Reproduce only the lines below from the line containing "Silakkaa kuivataan kalliolla" to the line containing "Bibliotek, Hörby tätort.", exactly as written, with both end lines kept. Omit the pictures.

◆ **Records to process**:
• • • • • • •

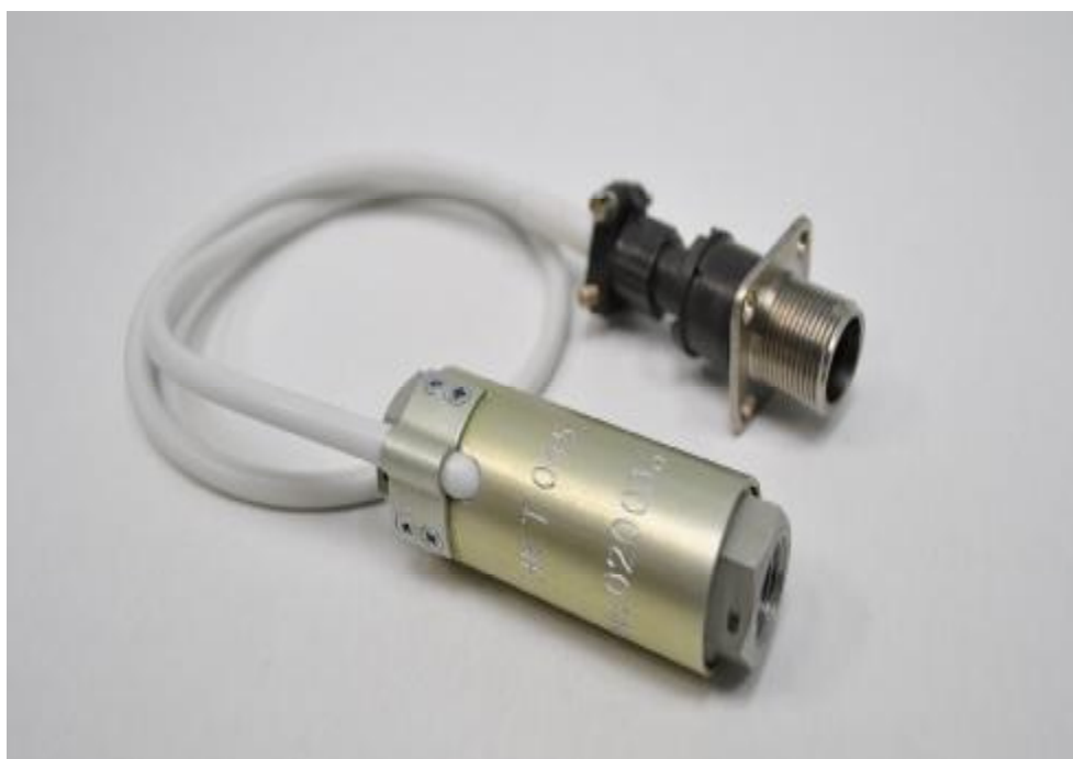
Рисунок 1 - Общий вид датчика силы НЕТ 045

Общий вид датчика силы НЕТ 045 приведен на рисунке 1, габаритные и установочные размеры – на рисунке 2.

• • • • • • •

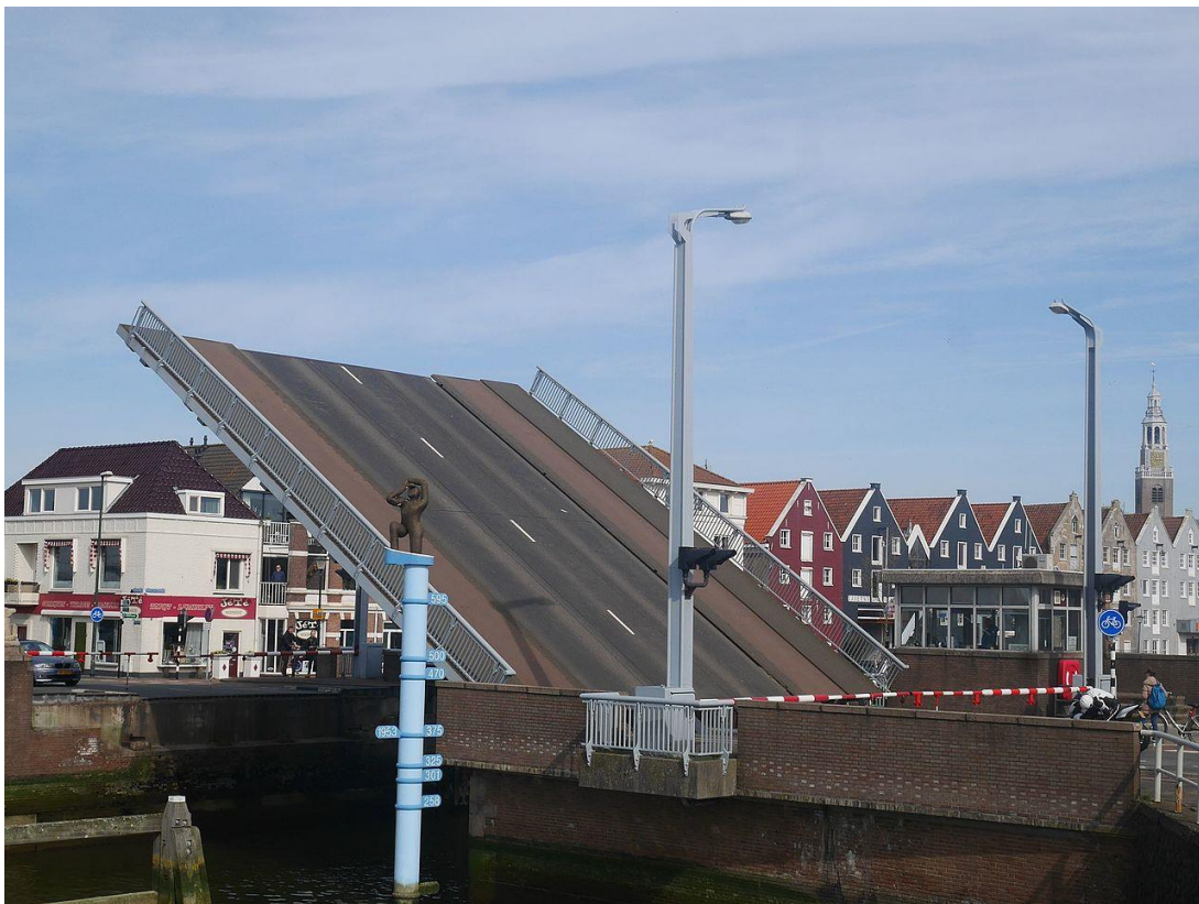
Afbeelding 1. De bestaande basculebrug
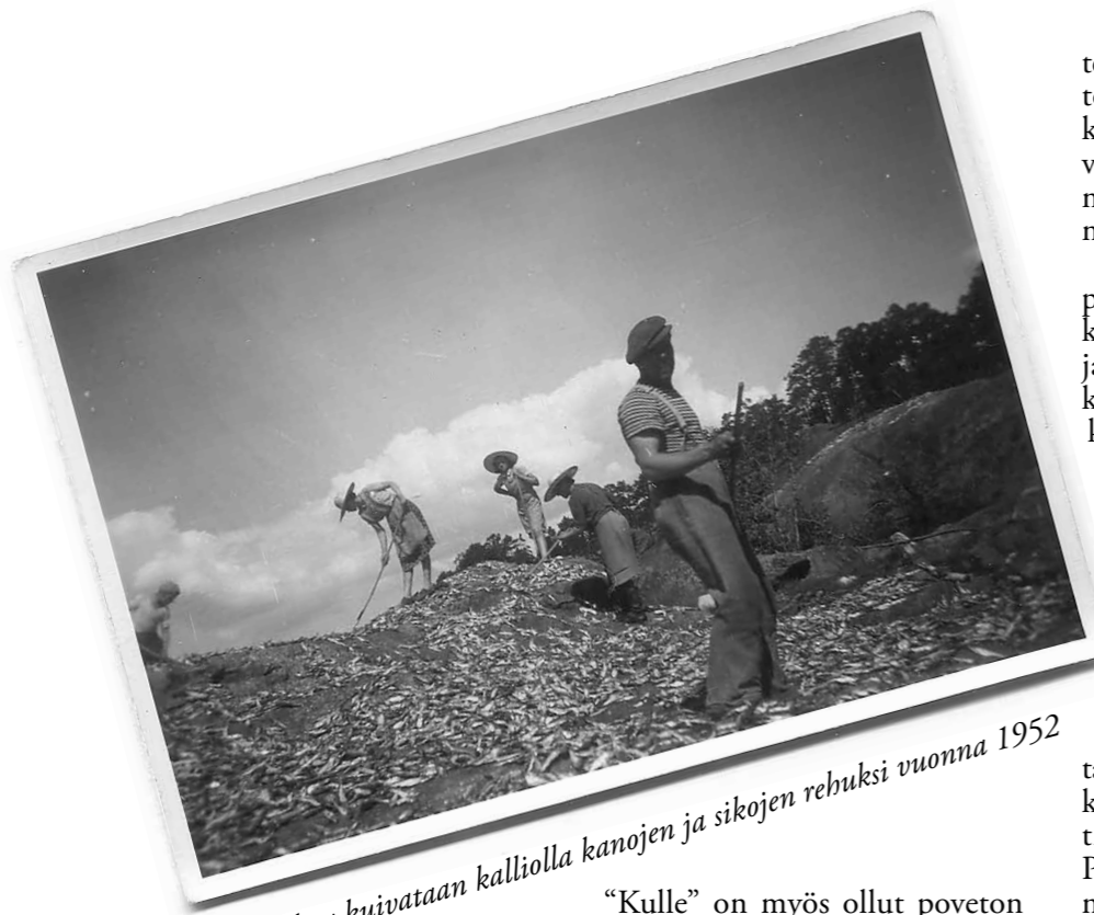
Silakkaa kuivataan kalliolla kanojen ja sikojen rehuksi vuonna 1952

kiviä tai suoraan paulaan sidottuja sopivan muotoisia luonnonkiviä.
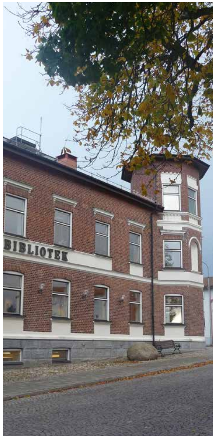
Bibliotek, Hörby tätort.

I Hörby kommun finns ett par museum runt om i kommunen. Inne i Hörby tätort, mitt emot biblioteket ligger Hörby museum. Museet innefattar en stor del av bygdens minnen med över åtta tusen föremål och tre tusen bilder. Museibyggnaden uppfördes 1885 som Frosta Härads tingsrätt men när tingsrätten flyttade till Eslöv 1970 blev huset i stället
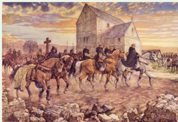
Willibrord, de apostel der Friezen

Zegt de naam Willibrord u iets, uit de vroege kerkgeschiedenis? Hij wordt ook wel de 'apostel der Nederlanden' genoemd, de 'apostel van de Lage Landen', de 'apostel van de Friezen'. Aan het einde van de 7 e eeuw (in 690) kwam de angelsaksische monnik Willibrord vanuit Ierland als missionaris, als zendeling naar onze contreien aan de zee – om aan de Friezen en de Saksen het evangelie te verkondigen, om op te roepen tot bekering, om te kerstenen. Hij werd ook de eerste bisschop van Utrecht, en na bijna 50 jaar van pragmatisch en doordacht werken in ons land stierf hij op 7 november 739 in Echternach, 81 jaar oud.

• • • • • • •

◆ **Answer box**:
Silakkaa kuivataan kalliolla kanojen ja sikojen rehuksi vuonna 1952

kiviä tai suoraan paulaan sidottuja sopivan muotoisia luonnonkiviä.
Bibliotek, Hörby tätort.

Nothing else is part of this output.